◆ **What the task requires**:
The whole listing below must be printed again exactly, images excluded.

◆ **Raw data**:

◇ ◇ ◇ ◇

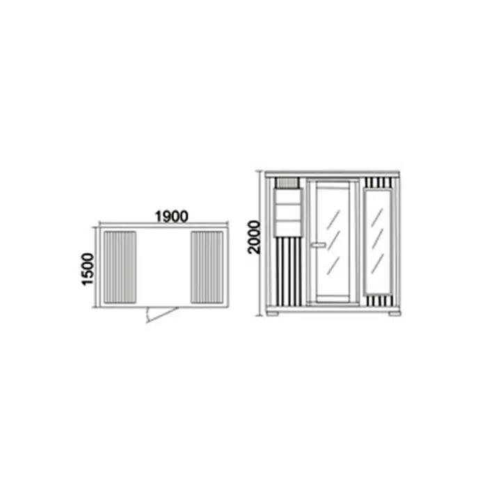 The sauna room measures 1900mm x 1500mm x 2000mm.
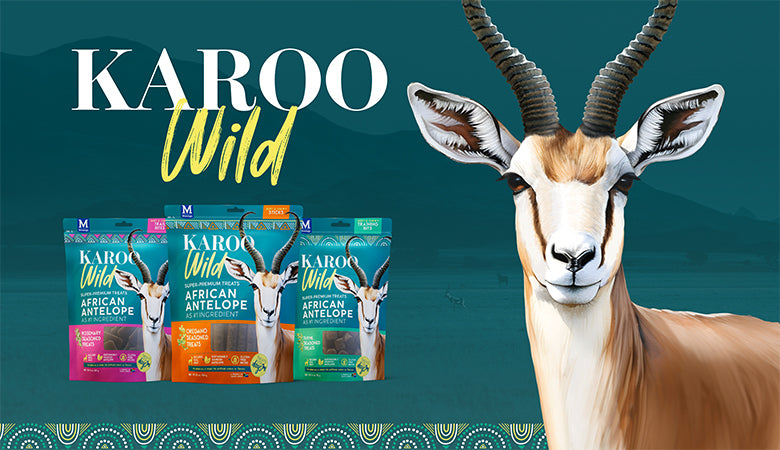 Karoo Wild dog treats are packed with wholesome ingredients and all-natural flavors, with free range, organic African antelope as its number one ingredient. This lean, high-protein snack has a distinctive, gamey taste most dogs love!
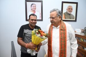 राजनांदगांव: पूर्व जिला पंचायत सदस्य संजय रामचंद्र ने छत्तीसगढ़ प्रदेश में भाजपा की जीत पर पूर्व मुख्यमंत्री डॉ रमन सिंह से सौजन्य मुलाकात कर जीत की बधाई दी।

◇ ◇ ◇ ◇

◆ **Answer to the exercise**:
 The sauna room measures 1900mm x 1500mm x 2000mm.
 Karoo Wild dog treats are packed with wholesome ingredients and all-natural flavors, with free range, organic African antelope as its number one ingredient. This lean, high-protein snack has a distinctive, gamey taste most dogs love!
 राजनांदगांव: पूर्व जिला पंचायत सदस्य संजय रामचंद्र ने छत्तीसगढ़ प्रदेश में भाजपा की जीत पर पूर्व मुख्यमंत्री डॉ रमन सिंह से सौजन्य मुलाकात कर जीत की बधाई दी।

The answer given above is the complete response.